Laura Gertrude Piranesi | |
Birth Date: | 1754 |
Birth Place: | Rome |
Death Place: | Rome |
Nationality: | Italian |
Known For: | Etching |
Movement: | Neoclassicism, Romanticism |
Spouse: | Giuseppe Svezzeman |
Laura Piranesi (1754–1789) was an Italian etcher working in Rome towards the end of the 18th century. She was an active participant in her family's print workshop, run by her father Giovanni Battista Piranesi, an Italian artist, etcher, and antiquarian. Participating in the veduta genre, Piranesi's prints consist of stylized views of Roman architecture and ruins that aim to capture the spirit of the city through landscapes.[1] Vedute and architectural prints were particularly popular among travelers participating in the Grand Tour, and as Piranesi lived and worked during the height of the Grand Tour, her prints catered to the souvenir market. Her use of chiaroscuro and free-flowing lines reflect the rising popularity of Romanticism, which prioritizes emotion over accuracy.[2]
Her etchings are normally a good deal smaller than those of her father, at around 200 by 140 mm.
Her life and career has long been overshadowed by her father, Giovanni Battista Piranesi, and brother, Francesco Piranesi.
Laura Piranesi was born in Rome in 1754, the eldest child of Giovanni Battista Piranesi and his wife, Angela Pasquini. She had four younger siblings: Francesco Piranesi (1758/59-1810), Angelo Piranesi (1763–1782), Anna Maria Rosalia Piranesi (b. 1766–?), and Pietro Piranesi (1773–?). Piranesi and her brothers were trained by their father in the family craft of etching; it is unknown whether her sister Anna Maria, who entered the Bambin-Gesù on Via Urbana in 1783, was trained in etching. Well-educated, Piranesi could write in Latin.[3]
On November 9, 1778, her father passed away, sending his family into legal and financial turmoil. Though Piranesi was the eldest child, inheritance laws in 18th-century Rome dictated that the workshop was to be inherited by the next male heir, Francesco. Not only was the workshop in Francesco's hands, but Piranesi and her youngest siblings were under his guardianship as well; within three days of Giovanni Battista's death, Francesco drew up an initial dowry contract for Piranesi's betrothal to carpenter Giuseppe Svezzeman. In May 1779, a final contract was agreed upon and her dowry was used by Svezzeman to open three financially unsuccessful shops in Rome.[4]

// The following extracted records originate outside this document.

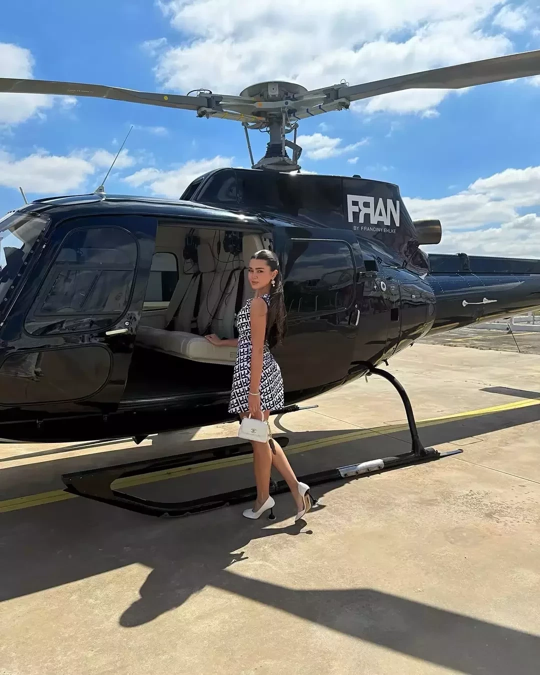 A influenciadora Franciny Ehlke, de 25 anos, fez sua primeira viagem em seu helicóptero nesta sexta-feira (21). O presente luxuoso foi dado pelo namorado, o empresário Tony Maleh, de 36 anos.
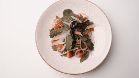A white plate with a salad on it. The salad is made up of various vegetables and has a nice presentation
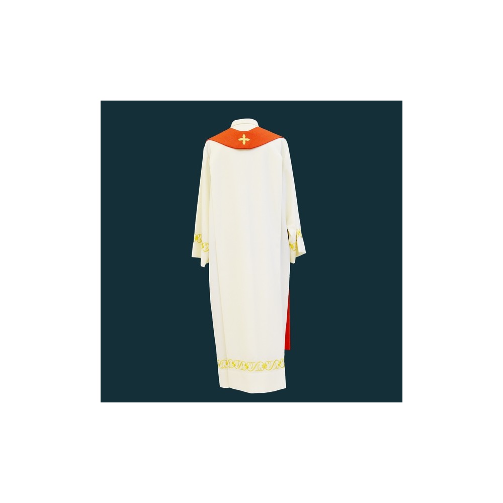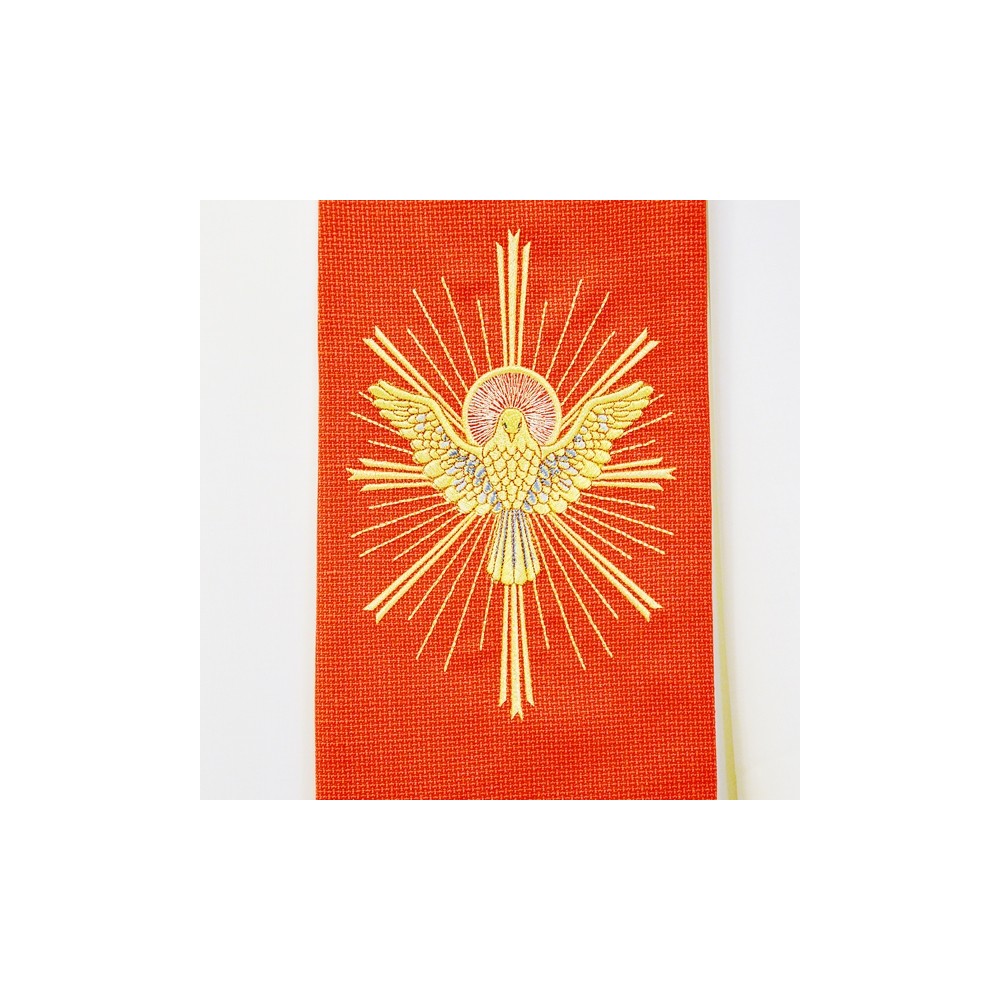 Elegante stola per sacerdote realizzata in misto lana. Stola con decori dorati sul fronte che rappresentano la Colomba (Spirito Santo) e 7 fiamme. I ricami vengono utilizzati con macchine di altissima qualità. Made in Italy.
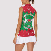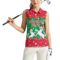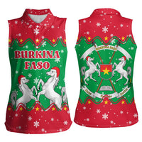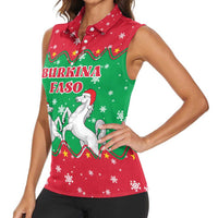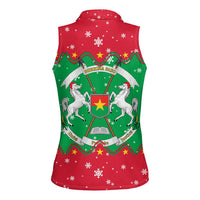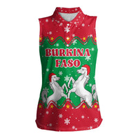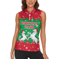 Christmas Burkina Faso Women Sleeveless Polo Shirt Snowflake Horses and Coat of Arms
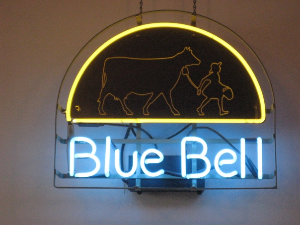 A blue and yellow neon Blue Bell ice cream sign is hanging on the wall.
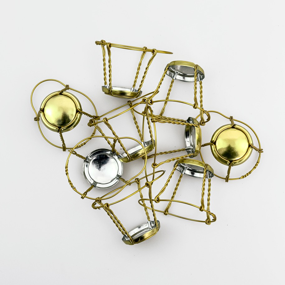 30 vnt AUKSINĖS spalvos, putojančio vyno kamščių apsauginė vielutė su lėkštele.
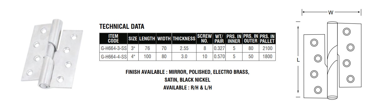 The 664SS rising butt hinge is constructed from high-grade stainless steel and features a cranked knuckle design to assist doors in self-closing by rising as they open. With a handed lift-off pattern for easy removal and maintenance, this hinge includes a flush pin for a clean, secure fit. Suitable for doors that require automatic closing without spring mechanisms, especially in traditional or high-traffic settings.
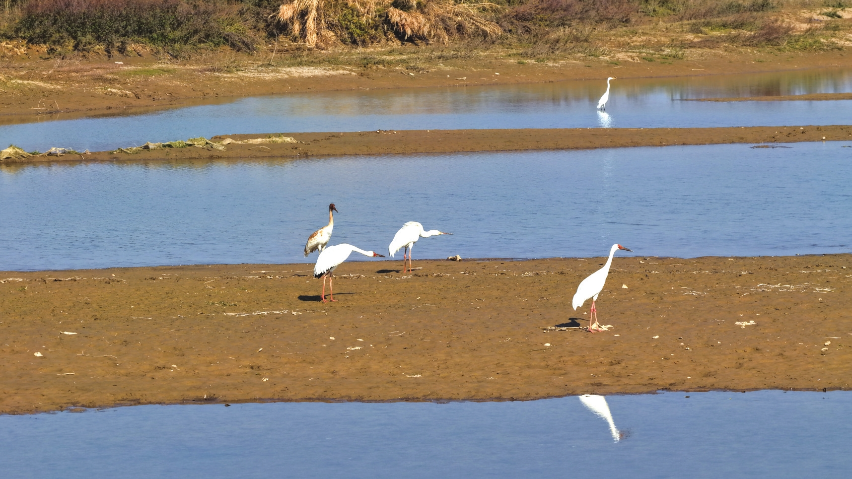 南洞庭湖省级自然保护区资阳管护区域白鹤在觅食。钟浩摄
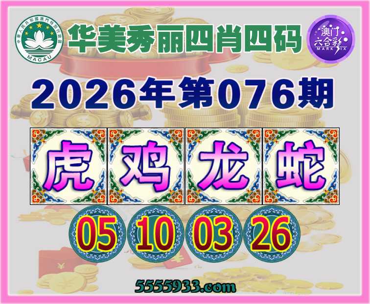 076期:【华美秀丽】 四肖四码【虎鸡龙蛇】【05.10.03.26】开:蛇02准
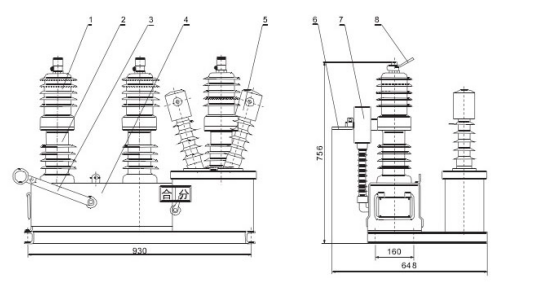 1. Upper insulation cylinder (with vacuum arc-extinguishing chamber)
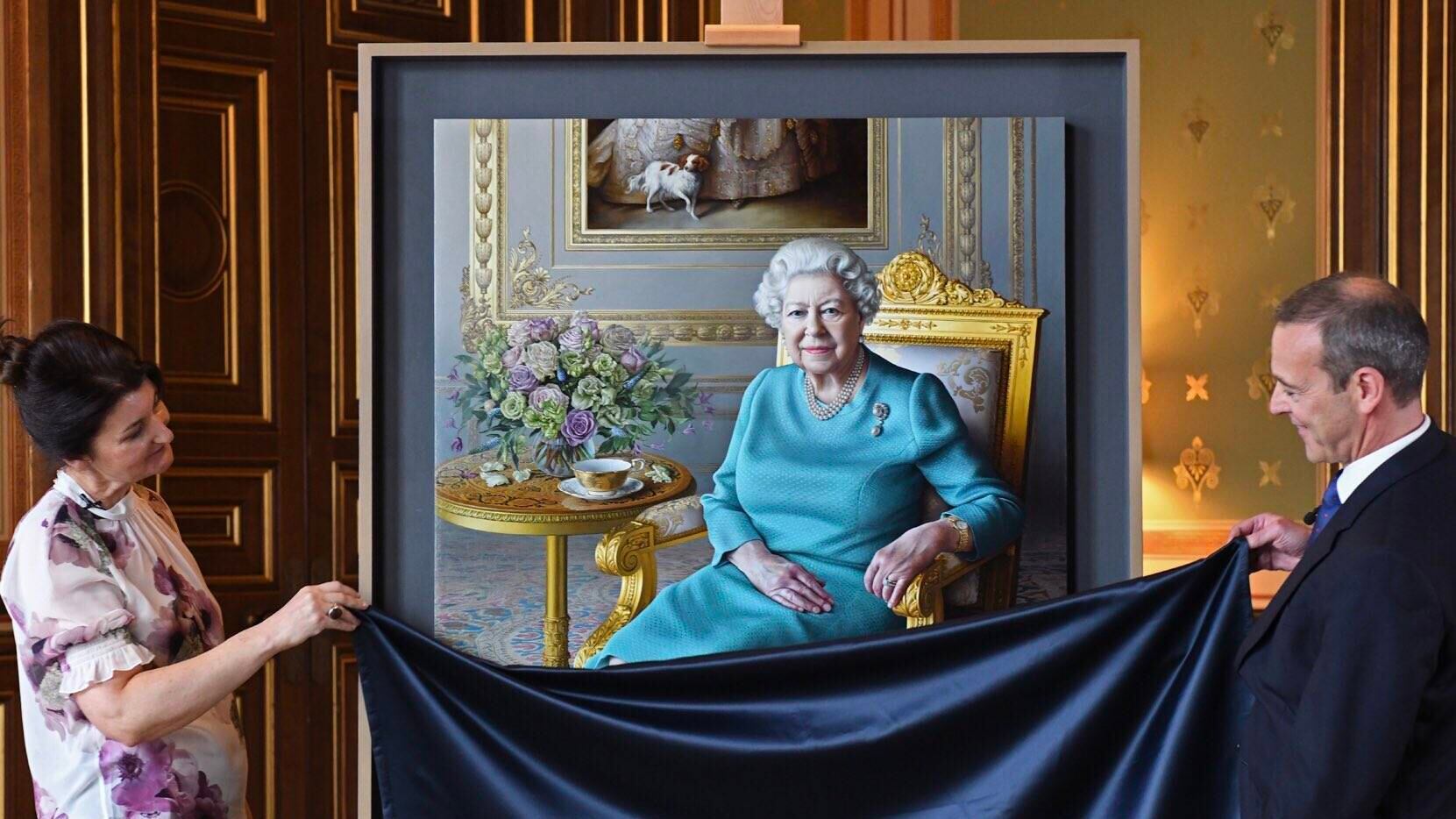 Sir Simon McDonald, subsecretario de Estado permanente para asuntos exteriores y de la Commonwealth y jefe del Servicio Diplomático, organizó la presentación virtual junto al artista en el FCO. Ambos, descubrieron el gran cuadro a tamaño natural, que estaba tapado con una tela. La Reina vio su retrato por primera vez en ese momento desde la pantalla de su ordenador. La pintura, de una evidente altísima calidad, tardó 7 meses en ser creada por su autora.

In 1780, Piranesi and Giuseppe had a daughter, Luisa Clara Maria Gertrude Fortunata Svezzeman. Over the next decade, debt and ill-health followed the family, involving the couple in numerous court trials.
Piranesi is now known to have been alive in 1789, though scholarship previously thought her to have died by 1785.[5] She was certainly dead by 1799, when the remaining Piranesi family members fled to Paris following the collapse of the Roman Republic.
In an era when it was rare for a woman to produce art professionally, Piranesi is a rare example of a female artist creating for a specific and viable market. In addition, Piranesi played a role in managing the family workshop – written sales records and inventories of her father's prints exist in Piranesi's hand, helping modern scholars to date his prints.
Piranesi's prints are undated, making it uncertain when she produced her prints, and whether she produced them before or after her father's death. However, it is known that some of her prints were created after her father's death, but on a lesser scale. Two prints that fall into this category are the View of the Basilica de Santa Maria Maggiore and the View of San Giovanni Laterano.
Piranesi's prints have been largely neglected by historians as nearly all are reinterpretations of her father's etchings. Labelled as copies, art historians from the 18th century to today have overlooked the unique aspects of Piranesi's work. In the 1920s, however, the Keeper of Prints and Drawings at the British Museum, Arthur Mayger Hind took an interest in Piranesi's prints when the museum acquired 20 prints by her. Hind recognized a liberty of design and unique style in Piranesi's prints. Due to the delicate nature of paper, many of Piranesi's prints have been lost, damaged, or destroyed.